** Recorded data follows **

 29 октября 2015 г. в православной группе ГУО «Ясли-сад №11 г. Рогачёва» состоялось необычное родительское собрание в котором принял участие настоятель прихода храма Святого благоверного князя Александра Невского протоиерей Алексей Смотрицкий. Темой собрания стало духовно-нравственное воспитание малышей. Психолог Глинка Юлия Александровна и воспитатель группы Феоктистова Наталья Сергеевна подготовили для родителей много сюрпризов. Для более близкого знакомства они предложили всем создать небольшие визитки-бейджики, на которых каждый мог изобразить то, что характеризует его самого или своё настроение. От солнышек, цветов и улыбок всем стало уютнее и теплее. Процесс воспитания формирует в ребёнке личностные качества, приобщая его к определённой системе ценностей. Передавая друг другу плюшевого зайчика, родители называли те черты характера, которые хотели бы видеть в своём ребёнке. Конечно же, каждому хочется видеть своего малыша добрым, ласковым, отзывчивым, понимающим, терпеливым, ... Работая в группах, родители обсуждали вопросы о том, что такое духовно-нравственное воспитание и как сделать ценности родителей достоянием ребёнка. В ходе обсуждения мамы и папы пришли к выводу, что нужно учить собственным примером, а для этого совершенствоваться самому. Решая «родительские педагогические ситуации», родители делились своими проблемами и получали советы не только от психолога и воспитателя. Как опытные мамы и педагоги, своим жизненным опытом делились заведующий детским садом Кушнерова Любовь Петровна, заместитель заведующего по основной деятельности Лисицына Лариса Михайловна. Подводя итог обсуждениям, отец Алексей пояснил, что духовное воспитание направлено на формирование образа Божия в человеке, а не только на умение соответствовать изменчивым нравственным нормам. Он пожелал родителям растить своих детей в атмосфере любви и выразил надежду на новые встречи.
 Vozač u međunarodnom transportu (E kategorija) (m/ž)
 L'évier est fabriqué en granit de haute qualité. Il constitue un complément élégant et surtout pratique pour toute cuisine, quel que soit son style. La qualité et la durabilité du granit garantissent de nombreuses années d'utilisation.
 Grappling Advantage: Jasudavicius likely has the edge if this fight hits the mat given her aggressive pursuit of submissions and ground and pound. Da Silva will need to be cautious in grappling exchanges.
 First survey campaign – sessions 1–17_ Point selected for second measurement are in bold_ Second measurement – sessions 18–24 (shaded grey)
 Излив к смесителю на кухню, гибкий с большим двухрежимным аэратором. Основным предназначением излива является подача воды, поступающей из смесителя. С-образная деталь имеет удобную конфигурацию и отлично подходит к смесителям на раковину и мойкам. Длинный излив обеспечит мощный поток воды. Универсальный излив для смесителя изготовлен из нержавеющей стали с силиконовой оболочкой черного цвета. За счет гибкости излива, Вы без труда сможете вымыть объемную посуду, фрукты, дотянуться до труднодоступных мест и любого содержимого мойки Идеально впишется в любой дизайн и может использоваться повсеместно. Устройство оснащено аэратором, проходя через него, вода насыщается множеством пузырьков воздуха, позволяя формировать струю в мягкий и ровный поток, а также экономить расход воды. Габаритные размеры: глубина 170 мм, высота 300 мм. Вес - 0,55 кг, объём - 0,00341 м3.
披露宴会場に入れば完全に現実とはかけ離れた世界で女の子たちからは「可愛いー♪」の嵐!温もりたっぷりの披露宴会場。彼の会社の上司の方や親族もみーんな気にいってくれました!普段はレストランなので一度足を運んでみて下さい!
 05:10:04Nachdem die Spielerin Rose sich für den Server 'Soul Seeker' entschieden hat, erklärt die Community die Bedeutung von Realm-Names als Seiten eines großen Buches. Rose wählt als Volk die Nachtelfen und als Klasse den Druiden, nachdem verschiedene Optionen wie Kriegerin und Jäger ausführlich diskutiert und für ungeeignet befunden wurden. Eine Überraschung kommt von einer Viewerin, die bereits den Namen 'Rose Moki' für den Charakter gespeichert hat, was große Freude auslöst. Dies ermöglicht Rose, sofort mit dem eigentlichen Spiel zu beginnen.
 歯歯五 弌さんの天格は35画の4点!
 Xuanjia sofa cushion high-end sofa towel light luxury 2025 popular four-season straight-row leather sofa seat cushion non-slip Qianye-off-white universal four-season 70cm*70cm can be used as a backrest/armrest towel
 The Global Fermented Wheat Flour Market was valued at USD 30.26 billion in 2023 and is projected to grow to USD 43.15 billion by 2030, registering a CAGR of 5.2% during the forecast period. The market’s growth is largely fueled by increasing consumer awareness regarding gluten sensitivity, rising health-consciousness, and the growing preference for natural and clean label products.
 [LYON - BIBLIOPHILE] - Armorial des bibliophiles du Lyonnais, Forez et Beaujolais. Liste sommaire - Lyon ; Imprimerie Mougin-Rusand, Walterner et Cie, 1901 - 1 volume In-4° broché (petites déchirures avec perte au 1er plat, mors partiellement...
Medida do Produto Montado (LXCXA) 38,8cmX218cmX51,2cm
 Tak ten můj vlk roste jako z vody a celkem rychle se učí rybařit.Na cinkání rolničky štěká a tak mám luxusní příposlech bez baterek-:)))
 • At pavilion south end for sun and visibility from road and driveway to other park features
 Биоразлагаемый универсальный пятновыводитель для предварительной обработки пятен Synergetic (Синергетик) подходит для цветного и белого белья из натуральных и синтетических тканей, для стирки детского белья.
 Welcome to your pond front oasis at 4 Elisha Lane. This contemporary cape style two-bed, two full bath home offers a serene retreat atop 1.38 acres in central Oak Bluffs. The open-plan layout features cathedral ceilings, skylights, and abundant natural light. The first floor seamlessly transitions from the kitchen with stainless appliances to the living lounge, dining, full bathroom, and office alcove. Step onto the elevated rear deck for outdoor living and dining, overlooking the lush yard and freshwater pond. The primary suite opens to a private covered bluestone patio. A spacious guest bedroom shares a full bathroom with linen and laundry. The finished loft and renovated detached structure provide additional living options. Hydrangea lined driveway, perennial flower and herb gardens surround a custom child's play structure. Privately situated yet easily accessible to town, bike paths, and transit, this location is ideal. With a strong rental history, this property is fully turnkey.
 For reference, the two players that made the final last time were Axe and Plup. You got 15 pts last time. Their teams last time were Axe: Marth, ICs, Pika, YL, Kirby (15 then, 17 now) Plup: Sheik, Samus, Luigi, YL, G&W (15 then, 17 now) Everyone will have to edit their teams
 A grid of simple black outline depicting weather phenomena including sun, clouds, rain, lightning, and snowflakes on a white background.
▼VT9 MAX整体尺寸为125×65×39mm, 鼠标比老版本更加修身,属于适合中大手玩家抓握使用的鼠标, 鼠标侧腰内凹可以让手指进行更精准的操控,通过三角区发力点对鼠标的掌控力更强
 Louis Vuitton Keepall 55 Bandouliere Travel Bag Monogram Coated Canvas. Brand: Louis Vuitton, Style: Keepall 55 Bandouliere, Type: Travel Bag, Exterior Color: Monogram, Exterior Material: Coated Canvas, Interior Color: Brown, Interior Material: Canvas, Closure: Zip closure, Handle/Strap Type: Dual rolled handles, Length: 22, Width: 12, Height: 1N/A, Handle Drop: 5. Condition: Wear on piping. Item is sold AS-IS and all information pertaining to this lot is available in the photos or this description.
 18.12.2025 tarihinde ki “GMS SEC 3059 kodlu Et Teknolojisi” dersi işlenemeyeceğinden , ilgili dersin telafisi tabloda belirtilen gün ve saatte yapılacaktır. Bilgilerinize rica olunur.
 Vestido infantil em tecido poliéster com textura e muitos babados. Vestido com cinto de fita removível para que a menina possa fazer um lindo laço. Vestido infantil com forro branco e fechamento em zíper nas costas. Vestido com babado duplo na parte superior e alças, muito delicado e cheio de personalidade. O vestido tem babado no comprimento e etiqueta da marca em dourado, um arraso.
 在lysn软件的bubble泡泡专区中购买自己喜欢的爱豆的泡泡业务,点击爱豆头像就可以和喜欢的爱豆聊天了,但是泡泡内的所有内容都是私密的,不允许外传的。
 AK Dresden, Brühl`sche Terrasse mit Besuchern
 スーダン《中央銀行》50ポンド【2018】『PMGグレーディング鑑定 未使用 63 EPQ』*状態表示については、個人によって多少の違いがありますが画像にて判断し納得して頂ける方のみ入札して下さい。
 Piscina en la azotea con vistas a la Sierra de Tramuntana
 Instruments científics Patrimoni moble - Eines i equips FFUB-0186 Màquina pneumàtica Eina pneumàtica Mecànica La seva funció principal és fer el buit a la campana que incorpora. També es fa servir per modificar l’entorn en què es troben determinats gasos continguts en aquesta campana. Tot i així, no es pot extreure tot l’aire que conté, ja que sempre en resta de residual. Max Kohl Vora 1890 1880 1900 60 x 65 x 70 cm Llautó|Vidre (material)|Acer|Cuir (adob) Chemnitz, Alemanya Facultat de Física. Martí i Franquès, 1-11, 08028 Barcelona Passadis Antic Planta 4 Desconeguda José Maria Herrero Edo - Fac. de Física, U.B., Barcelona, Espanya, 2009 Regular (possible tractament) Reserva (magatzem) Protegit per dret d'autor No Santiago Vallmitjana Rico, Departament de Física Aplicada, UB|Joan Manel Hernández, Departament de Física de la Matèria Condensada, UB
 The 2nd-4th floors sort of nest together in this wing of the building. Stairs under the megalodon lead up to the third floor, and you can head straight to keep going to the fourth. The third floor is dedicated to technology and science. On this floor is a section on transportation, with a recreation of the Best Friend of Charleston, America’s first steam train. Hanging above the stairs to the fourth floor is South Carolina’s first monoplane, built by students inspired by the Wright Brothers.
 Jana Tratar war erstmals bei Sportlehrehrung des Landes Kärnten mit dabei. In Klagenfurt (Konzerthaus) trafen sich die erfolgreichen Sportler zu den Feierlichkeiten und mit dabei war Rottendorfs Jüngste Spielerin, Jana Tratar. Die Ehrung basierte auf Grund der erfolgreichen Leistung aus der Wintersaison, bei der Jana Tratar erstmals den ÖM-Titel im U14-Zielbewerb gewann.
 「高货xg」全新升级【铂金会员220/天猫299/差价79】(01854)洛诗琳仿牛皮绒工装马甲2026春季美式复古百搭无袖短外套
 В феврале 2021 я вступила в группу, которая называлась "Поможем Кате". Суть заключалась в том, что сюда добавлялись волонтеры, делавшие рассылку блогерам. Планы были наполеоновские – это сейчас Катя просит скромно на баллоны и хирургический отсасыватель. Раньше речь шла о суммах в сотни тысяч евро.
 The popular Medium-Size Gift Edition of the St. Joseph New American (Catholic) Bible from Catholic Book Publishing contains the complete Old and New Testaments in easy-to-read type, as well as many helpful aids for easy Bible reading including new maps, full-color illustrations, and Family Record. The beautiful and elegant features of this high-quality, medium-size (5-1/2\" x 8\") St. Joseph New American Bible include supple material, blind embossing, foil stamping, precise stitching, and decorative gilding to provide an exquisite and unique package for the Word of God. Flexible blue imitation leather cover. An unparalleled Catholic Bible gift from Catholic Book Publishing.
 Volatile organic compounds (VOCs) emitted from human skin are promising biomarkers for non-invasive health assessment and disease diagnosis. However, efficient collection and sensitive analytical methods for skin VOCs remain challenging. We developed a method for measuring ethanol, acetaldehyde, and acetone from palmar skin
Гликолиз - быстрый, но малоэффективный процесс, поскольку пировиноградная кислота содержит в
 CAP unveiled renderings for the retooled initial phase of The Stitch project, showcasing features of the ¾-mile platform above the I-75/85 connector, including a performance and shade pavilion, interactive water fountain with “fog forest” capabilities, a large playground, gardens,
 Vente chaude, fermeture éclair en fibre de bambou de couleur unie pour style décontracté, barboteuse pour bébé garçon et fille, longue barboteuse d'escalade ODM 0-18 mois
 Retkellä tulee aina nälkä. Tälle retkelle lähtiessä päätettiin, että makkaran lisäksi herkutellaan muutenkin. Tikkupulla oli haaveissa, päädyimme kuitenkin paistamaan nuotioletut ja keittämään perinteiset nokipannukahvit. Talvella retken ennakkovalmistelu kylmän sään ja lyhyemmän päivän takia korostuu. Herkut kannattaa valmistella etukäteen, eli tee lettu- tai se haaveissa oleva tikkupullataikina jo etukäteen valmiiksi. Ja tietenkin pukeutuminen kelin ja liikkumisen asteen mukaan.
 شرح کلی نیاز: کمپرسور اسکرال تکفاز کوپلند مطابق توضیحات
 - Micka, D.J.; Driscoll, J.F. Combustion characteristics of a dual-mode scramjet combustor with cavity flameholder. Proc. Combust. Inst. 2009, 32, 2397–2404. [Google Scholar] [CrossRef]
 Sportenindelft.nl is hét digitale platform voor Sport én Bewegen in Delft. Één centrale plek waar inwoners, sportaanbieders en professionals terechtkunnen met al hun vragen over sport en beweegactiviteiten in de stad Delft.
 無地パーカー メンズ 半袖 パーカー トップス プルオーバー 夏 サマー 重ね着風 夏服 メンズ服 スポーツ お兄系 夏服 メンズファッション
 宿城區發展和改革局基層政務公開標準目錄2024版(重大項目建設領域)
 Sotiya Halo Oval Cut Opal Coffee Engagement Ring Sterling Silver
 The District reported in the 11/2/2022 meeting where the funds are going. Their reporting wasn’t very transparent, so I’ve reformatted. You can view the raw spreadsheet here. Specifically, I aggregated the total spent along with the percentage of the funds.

** End of Recorded data **

▶ _Problem description_
Which lines of the records above hold the word "pavilion"? Copy each of them.

▶ _Exercise result_
 • At pavilion south end for sun and visibility from road and driveway to other park features
 CAP unveiled renderings for the retooled initial phase of The Stitch project, showcasing features of the ¾-mile platform above the I-75/85 connector, including a performance and shade pavilion, interactive water fountain with “fog forest” capabilities, a large playground, gardens,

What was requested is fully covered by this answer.